As a new parent, I find myself singing along with "Baby Learns To Crawl" and loving it. The song speaks from the heart, opening Stereo and offering hope that Westerberg still has spirit left in him, as he finds himself admiring his son's new experiences.
From there, however, Westerberg cares for nothing but to prove how much he is still the punk rocker not caring about anything, offering up songs that are being written as he records them, some of which cut off in the middle because the tape ran out. Flat notes, fluffed lyrics, and the general appearance of demos fill out the album. Westerberg seems to not want to put energy into anything, recording the songs once and leaving it at that, even if the song didn't fully get put to tape.
Of course, this general disregard and do-what-I-want attitude is what makes Westerberg such a star, let us not forget that. And if he was delivering us songs like "Skyway" and cutting them off in the middle, songs that are alive and have something to say, as he sings from his gut, I would have no problem with his decision to leave the songs as they were.
However, Westerberg goes full circle with this idea. Putting little detail into the songs, picking up a guitar, playing something, walking away, and doing it again, regardless of any errors, even on songs that need attention and some care because they just don't even attempt to make a statement or be anything more than background filler.
This attitude was carried over to Westerberg's recent in-store in Portland, Oregon at Music Millennium, where he seemed to not care at all, playing Mats songs (which was quite the treat, don't get me wrong), albeit no rehearsals or practice whatsoever. He came to the fans, played the songs, and seemed to only give a darn about his new stuff. The rest was a passing memory to him, as he obliged fans and gave them what they wanted, even if it made him unhappy.
I wanted so much to love both these albums. I think the Grandpaboy EP features some of the best post-Mats Westerberg songs, and that all three of his solo albums - 14 Songs, Eventually, and Suicaine Gratification- have exceptional works that will go down as some of Westerberg's best pieces.
But, what Westerberg has given us here is stuff he threw together and called a record, recording it entirely at home, producing it himself, and just putting something to tape and hoping, because it is Westerberg, fans will eat it up.

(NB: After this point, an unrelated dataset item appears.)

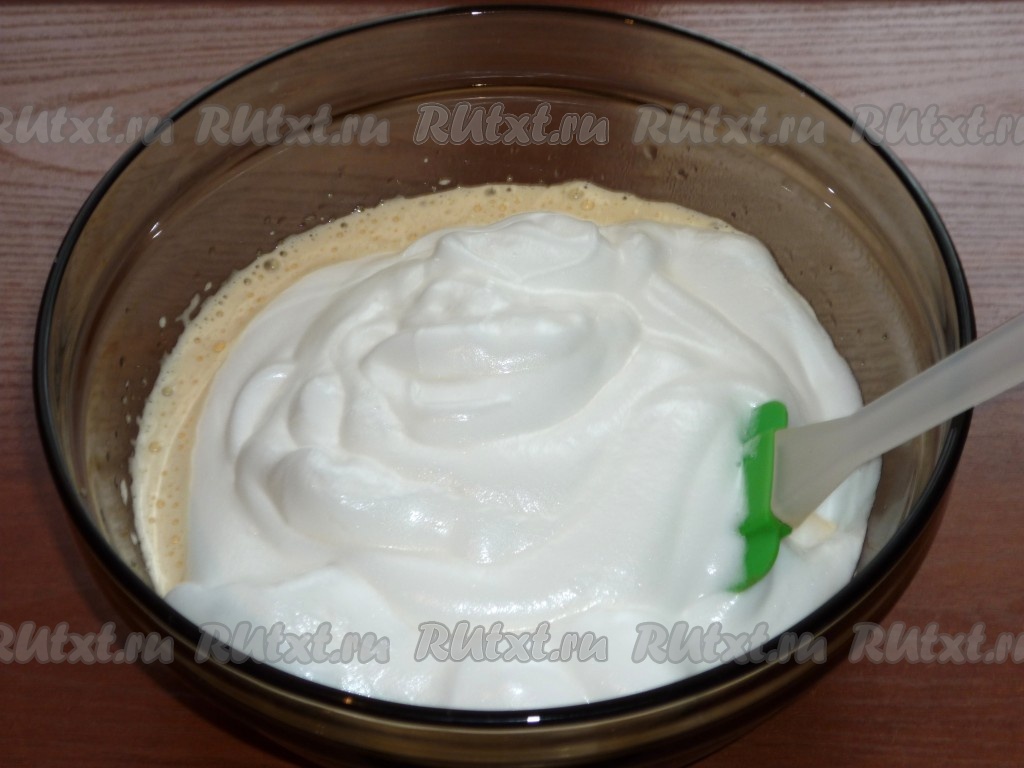 Теперь осторожно соединяем белковую и желтковую массы, добавляем просеянную муку. С помощью силиконовой лопатки аккуратно перемешиваем, чтобы не вышли пузырьки воздуха. Бисквитное тесто должно получиться воздушным, однородным, в меру густым.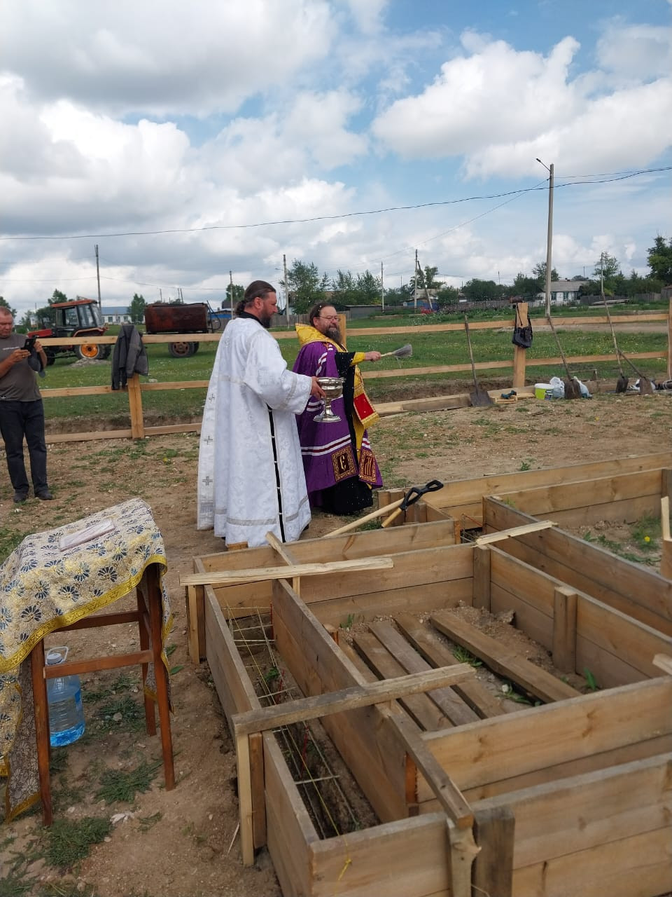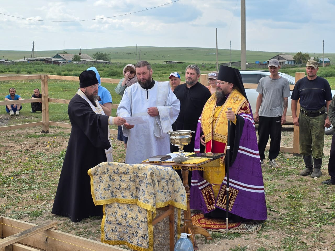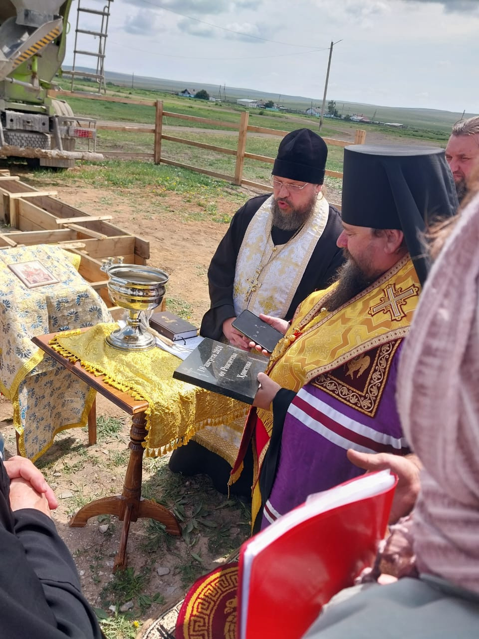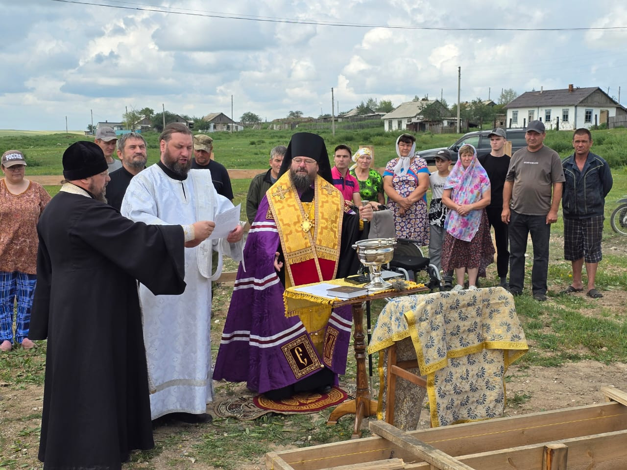 Епископ Макарий совершил чин освящения закладного камня в основание строящейся часовни в честь святителя Спиридона Тримифунтского

What Westerberg needs is to either not care enough to the point where he wants to have fun again, which is not the case here, or get together with some collaborators (like a producer who can push him) and put his heart and soul into it. I still believe in Paul and will wait for this day. In the interim, I still listen to these two albums, as they are both decent, but they make me feel cold and empty. I'll give them both a B-.